PROBLEM DESCRIPTION:
A word-for-word copy of the data, with no images, is the required answer.

DATA:
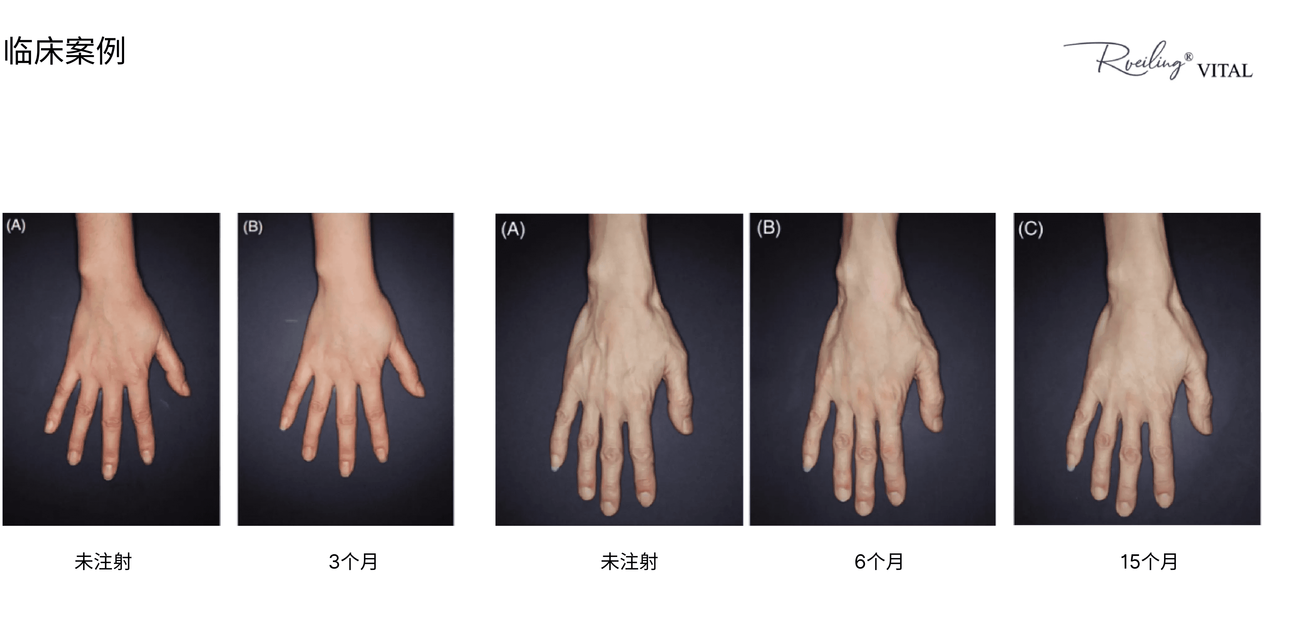 Rveiling® Vital注射、不同年龄手背软组织前后对比、不同时段的观察对比效果
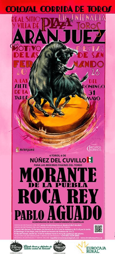 Carlos Zúñiga, empresa de Circuitos Taurinos, a dévoilé le cartel de la corrida du 31 mai à Aranjuez. Il a composé une affiche de « luxe » avec Morante de la Puebla et Roca Rey aux côtés de Pablo Aguado. Les toros seront de Núñez del Cuvillo.
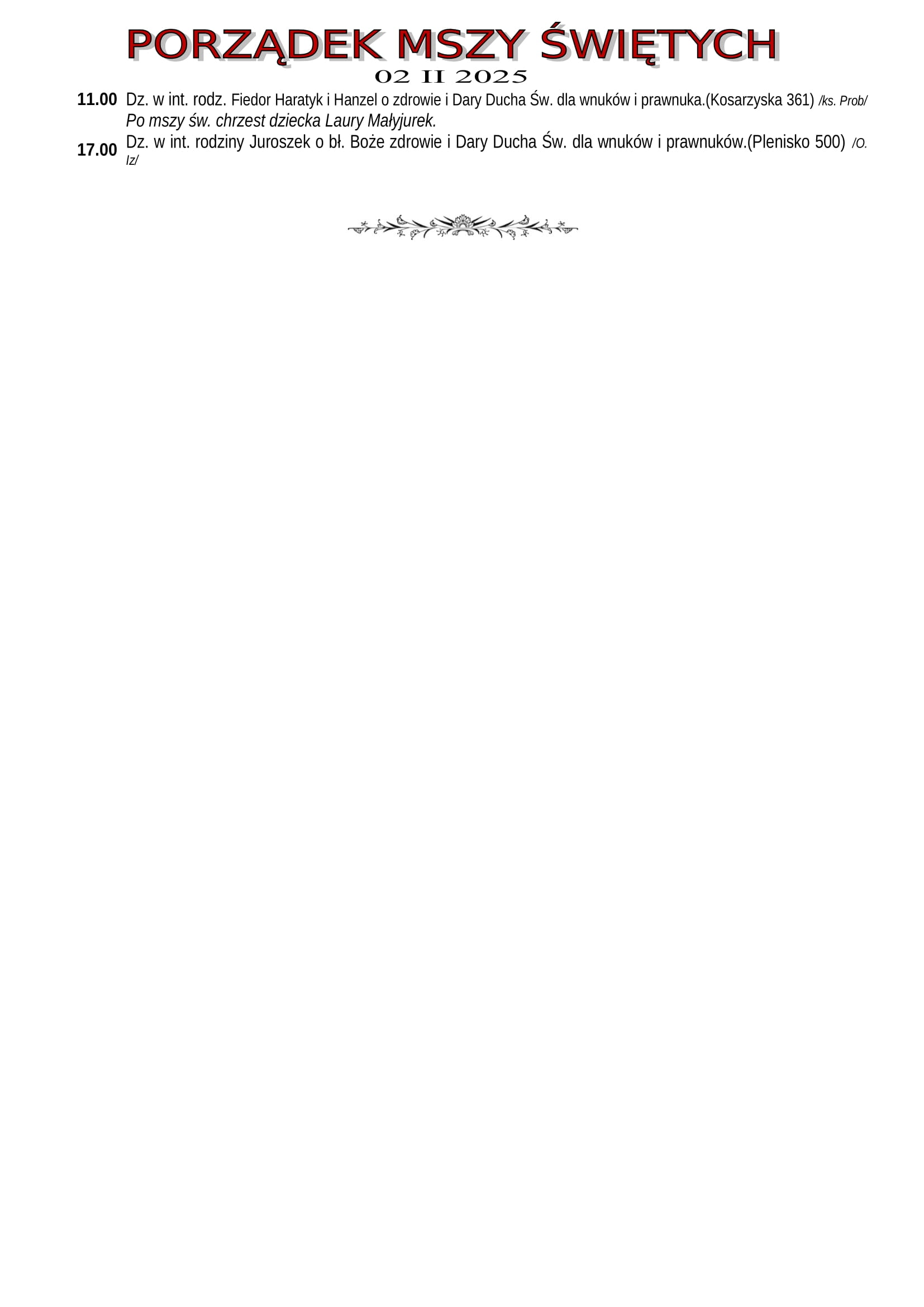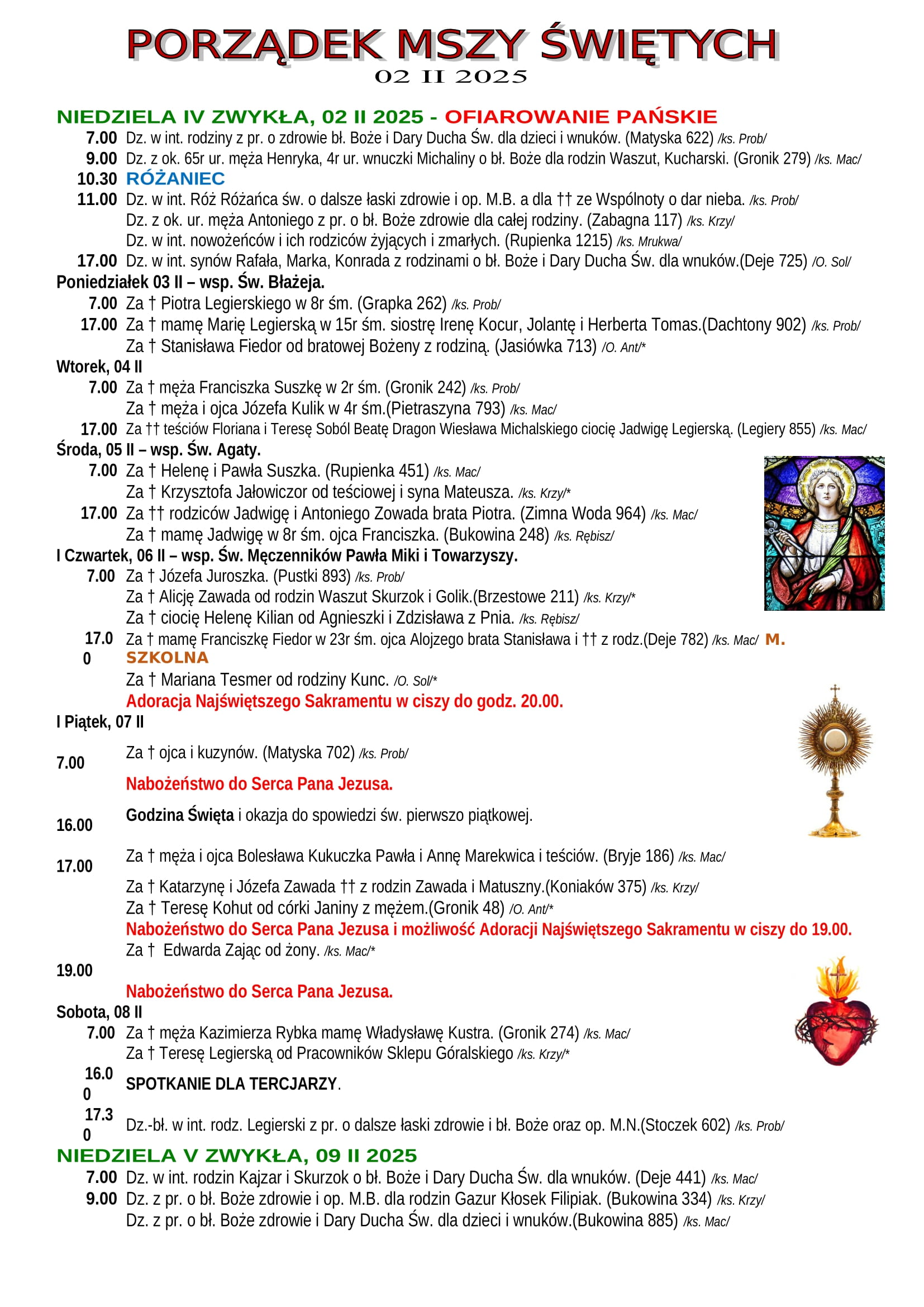 Intencje Mszalne 2.02.2025

SOLUTION TO THIS EXERCISE:
 Rveiling® Vital注射、不同年龄手背软组织前后对比、不同时段的观察对比效果
 Carlos Zúñiga, empresa de Circuitos Taurinos, a dévoilé le cartel de la corrida du 31 mai à Aranjuez. Il a composé une affiche de « luxe » avec Morante de la Puebla et Roca Rey aux côtés de Pablo Aguado. Les toros seront de Núñez del Cuvillo.
 Intencje Mszalne 2.02.2025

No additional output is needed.